然后他的目光再次扫过我,一脸猥琐地说道:“现在看来,师妹果然本事不小,不但拿到了石头,还找到了好朋友帮忙呢。不过,这九阴石乃是我红杉谷势在必得之物,是不是该物归原主了?”
不得不说,何泽这说话的语气,比绿茶还绿茶,听的我直反胃。
跟在他身后的几个红杉谷弟子看起来都不是善茬,一个个眼神乱瞟,嘴角挂着一丝看热闹不嫌事大的笑。
他们熟练地散开,站住了几个关键的方位,把我们的退路封得七七八八,山道上的空气立刻像是被抽紧了,压得人有点喘不过气。
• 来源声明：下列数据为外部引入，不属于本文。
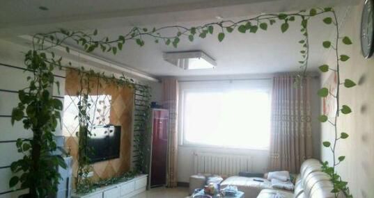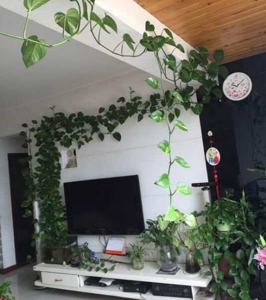 這有點繞梁一周的感覺了,夏天一定很清新,連電視墻都省了,從圖片上可以看出這顆綠蘿是水養的

我心里暗骂,真是刚出狼窝又入虎穴,这破石头还没捂热呢。
冯楠在我旁边,手指紧紧攥着那把短刃的柄,指节都泛白了,他小声嘀咕:“不三,他们人比我们多啊。”
我点点头,没吭声,只是悄悄把全身那点还没恢复利索的气息都调动起来,全凝聚在握着九阴石的那只手上,石头隔着布料传来一股子冰凉刺骨的寒意,让人精神一振,也让人心头更沉。
杨雪珊背对着我们,我看不到她的表情,只能看见她握剑的手稳得像块石头,注视着前方,但她肩膀线条绷得有点僵硬,显然体力消耗极大,远不像表面看起来那么轻松。
她刚才为了引开追兵已经拼了一场,现在又要面对同门的逼迫和趁乱打劫,这滋味恐怕不好受。